A refusal vector is the hidden-state direction most associated with a model refusing requests.
Abliteration estimates this direction and removes its influence at selected layers.
Definition
Refusal vector
A refusal vector is a direction in a model's hidden-state space that correlates strongly with refusal behavior. Projecting activations onto it predicts when the model will refuse.
Why it matters
- Provides a measurable handle on refusal behavior without full retraining.
- Enables targeted edits that preserve general reasoning and language ability.
- Pairs with policy layers to replace blanket refusals with compliant responses.
How it works
- 01Collect refusal and non-refusal examples and record hidden states.

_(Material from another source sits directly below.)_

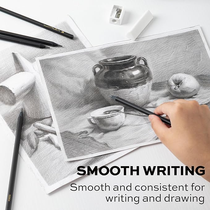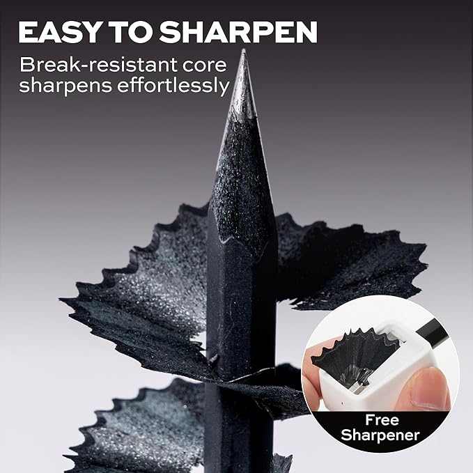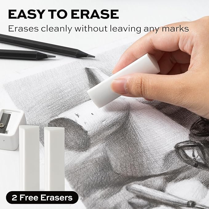 - 【Safe & Easy to Erase】These pencils come with two durable erasers that ensure smooth erasing with no residue or smudging. Plus, they’re easy to sharpen with the included sharpener, ensuring your pencils stay in great shape for all your creative projects,CPC-certified for safety, these sketching pencils for drawing are a trusted choice for classrooms, studios, and everyday creative projects
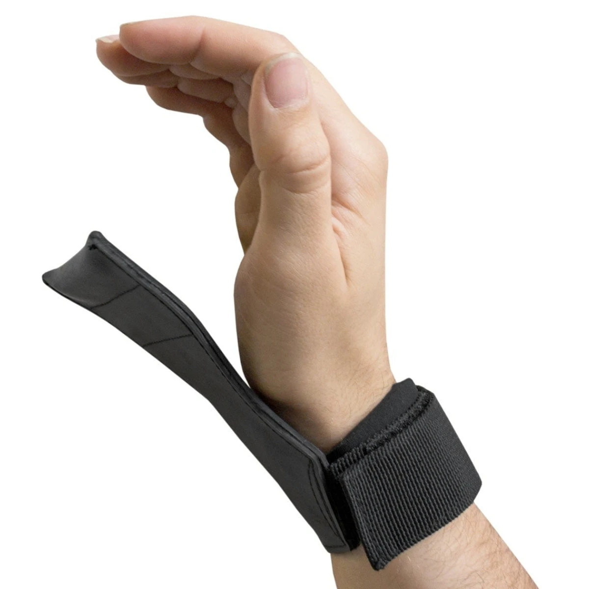 Mit Klettverschluss um das Handgelenk verschlossen, sind diese Gummi-Griffhilfen für Handgelenke mit einem Umfang von minimal 18cm bis maximal 26cm geeignet.

- 02Compute the mean difference between refusal and non-refusal representations.
- 03Normalize the difference to get a refusal direction.
- 04Subtract the projection at chosen layers to dampen refusals.
Vector removal (pseudocode)
# h = hidden state, r = refusal vector r_hat = r / norm(r) h_ablit = h - dot(h, r_hat) * r_hat
FAQ
Frequently asked questions.
Is a refusal vector a model weight?
No. It is a direction in activation space derived from hidden states, not a new set of learned weights.
Does removing a refusal vector break the model?
When applied carefully, it targets refusal behavior without broadly degrading capability.
Can I combine this with policy filters?
Yes. Abliteration reduces blanket refusals, while policy layers enforce your specific rules.